Indeed, at the time of his death, Peter was in charge of building restoration and construction for the Hermann Farm and Museum, a multi-million-dollar living-history development of the Dierberg Educational Foundation on 160 acres just east of downtown Hermann.
Sure enough, Hope was overrun with strangers on that dismal Saturday, hundreds of them swarming the grounds trying to inspect pieces they might want to bid on.
Even in the comforting presence of other friends and his devoted family, this felt wrong. Strangers had no business here. They shouldn't have been rooting around in Peter's things. For that matter, wasn't it wrong to sell these things at all, things that were a part of him, things that seemed to embody who Peter was -- our friend, our brother, our uncle, our brother-in-law, our colleague and co-worker, our beloved?
Maybe, but the reality was that everything felt wrong because at the heart of everything was that Peter had died and left us.
The auction proceeded anyway, the hordes traipsing back and forth across the property as bidding shifted from items spread across the backyard, to items laid out on flatbed trucks in a field, to items lined up inside the general store and the workshop, to items stacked in and around the monumental barn.
The hours ticked by, the rhythm of selling settled in and something strange happened: The angst began to ease. As it did, I started to wonder whether auctioning off Peter's things might be, well, if not entirely right then maybe not entirely wrong, either.
Up for sale went the tables, sofas and iron implements; the brightly enameled wood-burning kitchen stoves, books, chairs of all sorts, ancient wooden trunks, rag rugs and hooked rugs; cupboards, cabinets, and gigantic wardrobes; walnut beams from a room-size weaving loom, piles of quilts, coverlets and loose fabric; and tall stacks of weathered wood siding, windows and paneled doors rescued from abandonment and decay.
Some of Peter's relatives and friends, including me, began to participate. We bid, and sometimes we bought. What better custodians of his things, I told myself, than the people who knew and loved him?

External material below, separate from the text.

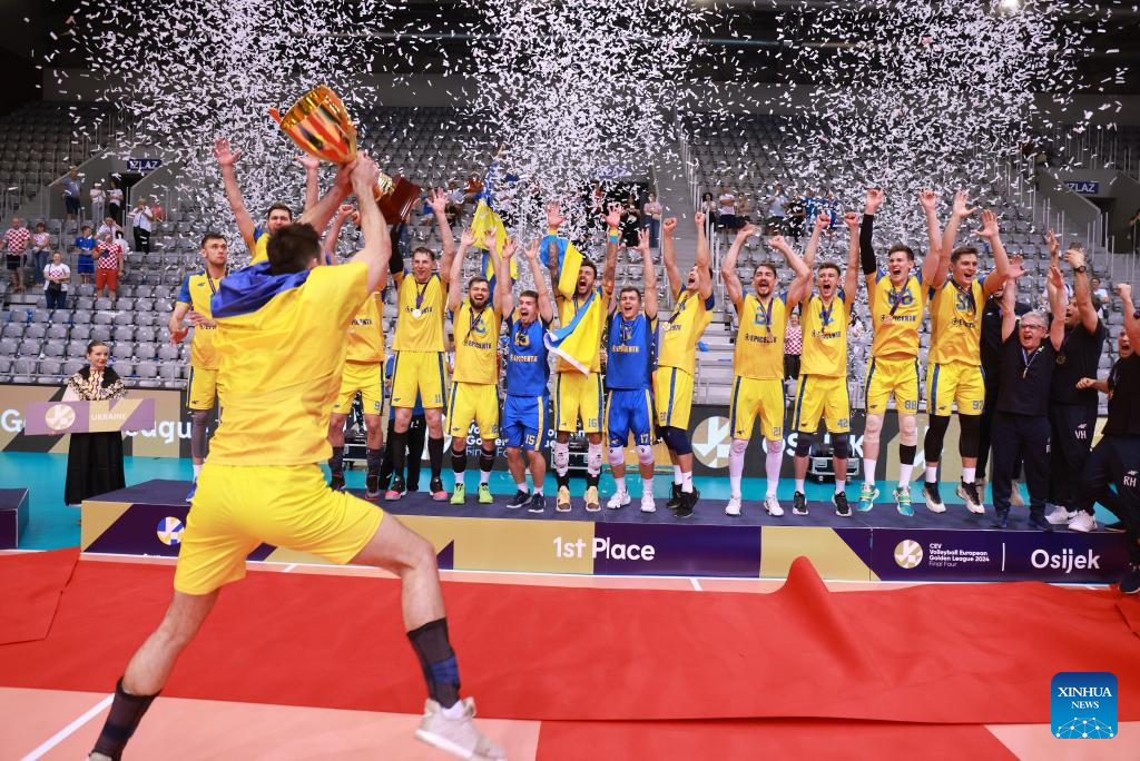 Players of Ukraine celebrate victory during the gold medal ceremony after the Men's final match between Croatia and Ukraine at CEV Volleyball European Golden League 2024 in Osijek, Croatia, on June 16, 2024. (Photo by Davor Javorovic/PIXSELL via Xinhua)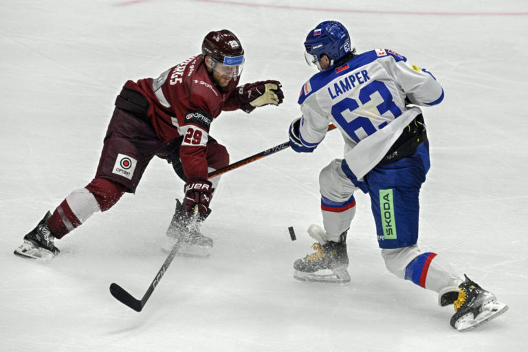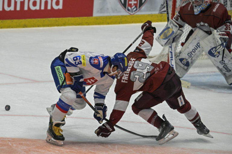 Zľava: Patrik Lambert zo Slovenska a Ralfs Freibergs z Lotyšska počas hokejového zápasu Vianočného Kaufland Cup medzi Slovensko - Nórsko. Bratislava, 15. december 2023. Foto: SITA/Milan Illík

Over the course of the long, sad day, a truth emerged from the drizzly mist. It was by no means a revelation, and it would have been clear to us all along, I think, if this hadn't been about Peter and his things and his place at Hope. The obvious truth was that things, no matter how unique and wonderful, don't define the people we know and love and sometimes lose.
You might make a case that Peter's remarkable body of work defined him, at least to a degree: his reclamation of Hope, the meticulous reconstructions at Hermann Farm, the flood-ravaged historic homes he restored, the dilapidated old structures he secured, rebuilt and transformed into beautiful living spaces for private clients.
But the essence of Peter Dircks lies, as it does for us all, in what we keep of him inside us.
These are memories, of course. Memories of poignance and irreverence, of joy and wonder and sorrow, of laughter and crazy dancing, of shared secrets. Memories of unwittingly pitching camp in a town dump, getting a phone call with bad news about John Lennon, overcoming financial crises, hitching a ride with a wild man in Newfoundland, tuning a portable radio to a too-late, late-night political speech, gossiping shamelessly. Memories of marriages and divorces, injuries and illnesses and recoveries. And even memories of a final illness from which recovery was not to be.